Undifferentiated pleomorphic sarcoma of the retroperitoneum

Case contributed by Yaïr Glick
Diagnosis certain

Presentation

Epigastric pain. Evaluate the gallbladder.

Patient Data

Age: 45 years
Gender: Male

The gallbladder cannot be visualized. A large (20.6 x 11.8 cm) heterogeneous mass with a lobulated border lies beneath the liver, compressing the right kidney. The mass shows internal flow and central stellate necrosis. Splenomegaly is also noted.

Large solid heterogeneous mass with a necrotic center in the right upper abdomen, exerting mass effect on the IVC, liver, porta hepatis, pancreas, and right kidney. The mass is most likely extrahepatic-retroperitoneal, although an intraperitoneal component cannot be confidently ruled out. The mass undergoes heterogeneous enhancement. The solid component at its posteroinferior aspect engulfs the renal accessory vessel. Retroperitoneal-perirenal fat edema is present.

The liver is of normal size and contour. Its medial aspect and porta hepatis are compressed by the mass. Diffuse hepatic fatty infiltration. Heterogeneous hepatic enhancement at the arterial phase, most probably due to mass effect on the hepatic vessels. No focal intrahepatic mass.

The gallbladder contains numerous tiny calculi.

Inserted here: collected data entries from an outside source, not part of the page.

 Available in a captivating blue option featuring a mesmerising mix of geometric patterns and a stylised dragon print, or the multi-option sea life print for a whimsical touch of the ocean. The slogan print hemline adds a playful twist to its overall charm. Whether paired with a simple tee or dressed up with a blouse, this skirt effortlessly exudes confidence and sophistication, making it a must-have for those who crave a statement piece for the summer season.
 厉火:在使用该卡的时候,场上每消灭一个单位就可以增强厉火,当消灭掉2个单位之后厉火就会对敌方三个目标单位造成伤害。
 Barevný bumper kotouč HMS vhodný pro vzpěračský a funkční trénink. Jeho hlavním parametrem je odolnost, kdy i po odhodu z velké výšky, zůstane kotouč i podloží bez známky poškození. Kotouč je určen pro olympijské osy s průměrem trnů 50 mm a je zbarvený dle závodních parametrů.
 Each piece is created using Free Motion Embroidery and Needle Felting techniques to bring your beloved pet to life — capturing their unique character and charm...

The spleen is enlarged, 16.4 cm in the craniocaudal plane.

Small simple cortical cysts in both kidneys.

Status post bariatric surgery. The duodenum is displaced by the mass and there is no separation plane between them.

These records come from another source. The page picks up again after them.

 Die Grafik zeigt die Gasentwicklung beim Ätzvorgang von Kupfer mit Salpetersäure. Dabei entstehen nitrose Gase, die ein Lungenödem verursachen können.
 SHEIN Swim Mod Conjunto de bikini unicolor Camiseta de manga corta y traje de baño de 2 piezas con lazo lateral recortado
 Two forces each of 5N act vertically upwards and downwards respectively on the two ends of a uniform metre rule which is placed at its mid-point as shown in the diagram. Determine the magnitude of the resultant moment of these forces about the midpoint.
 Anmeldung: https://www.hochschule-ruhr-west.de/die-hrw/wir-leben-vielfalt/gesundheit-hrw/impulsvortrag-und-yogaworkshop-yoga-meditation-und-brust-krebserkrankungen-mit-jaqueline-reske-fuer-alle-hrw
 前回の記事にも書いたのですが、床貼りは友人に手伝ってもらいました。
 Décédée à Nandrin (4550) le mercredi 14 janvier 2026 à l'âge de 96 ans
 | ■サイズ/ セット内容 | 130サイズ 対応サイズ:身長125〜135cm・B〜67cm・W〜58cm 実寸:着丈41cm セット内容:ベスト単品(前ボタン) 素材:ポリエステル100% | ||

No enlarged intra-abdominal lymph nodes.

Venous collaterals coursing in the abdominal wall.

Conclusion

Solid, partially necrotic, right upper abdominal mass displacing adjacent organs. Impression of disrupted venous drainage due to compression of the IVC. The mass is most probably extrahepatic-retroperitoneal; an intraperitoneal component cannot be ruled out.

Differential diagnosis includes a duodenal GIST, retroperitoneal sarcoma, or other solid fibrous/mesenchymal tumor.

Case Discussion

A young, previously healthy man complained of epigastric pain for a couple of weeks which started radiating to his back. History of bariatric surgery several years earlier.

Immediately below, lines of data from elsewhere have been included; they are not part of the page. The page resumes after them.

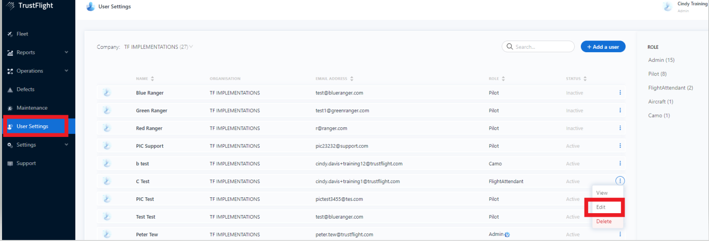 5. On User settings, select the aircraft, on the 3 dots, click on view and click Send Password Reset Link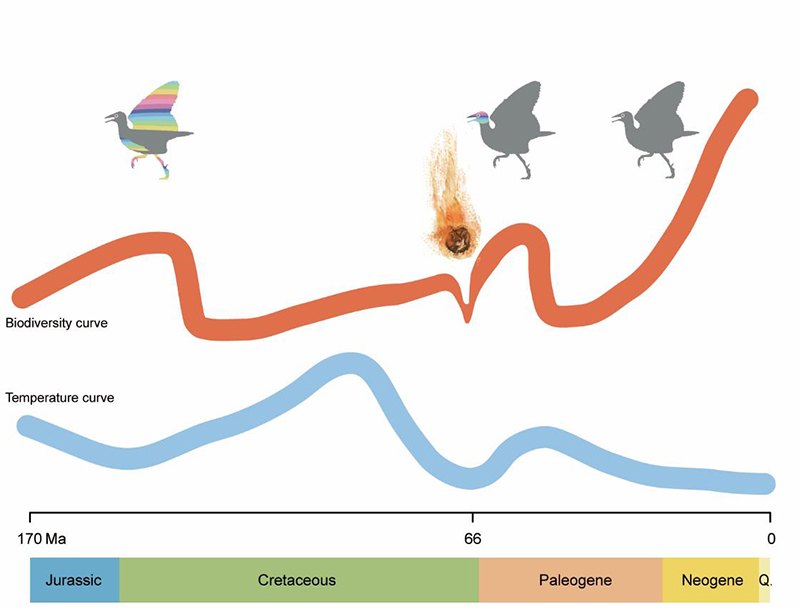 图1 鸟类生物多样性演化和气候及白垩纪末大灭绝事件的关系示意图(任名卉绘)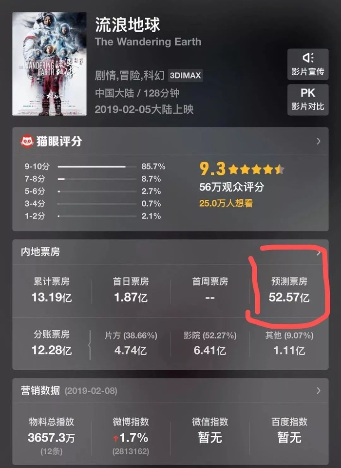猫眼预计,《流浪地球》最终票房将超过52亿元。
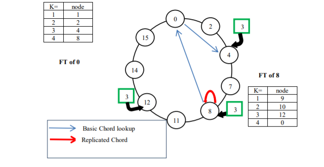 For example, in Figure 2, the responsible node of key=3 is 4. The latter has nodes 8 and 12 as finger nodes, so key 3 also replicated in these nodes (8, 12).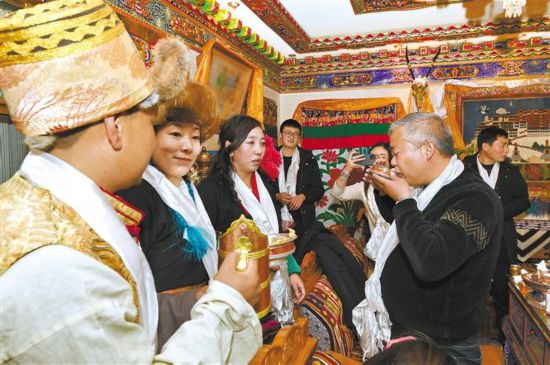 游客們在拉薩市城關(guān)區(qū)奪底街道維巴村體驗藏歷新年的別樣風俗。記者 格桑倫珠 唐斌 攝

The abdominal x-rays (not shown) were interpreted as normal.

Abdominal ultrasound revealed a large mass beneath the liver. It was difficult to determine whether the mass protruded from the liver, from another organ, or was a standalone retroperitoneal mass.

MRI liver demonstrated sharp angles between the mass and the liver. Since there was no visual separation plane between the mass and the duodenum, a duodenal GIST was included in the list of differentials.

Failed attempt of EUS due to compression of the duodenal bulb by the mass.

PET-CT performed three days after the MRI (not shown) demonstrated a large right upper quadrant mass displacing adjacent organs and possibly partially occluding the IVC. Strong radiotracer uptake in the mass with central necrosis and less avid uptake in two nearby masses.

The patient went on to have a percutaneous biopsy.

Histology

Undifferentiated pleomorphic sarcoma. Ki67 = 30%. DOG1 negative.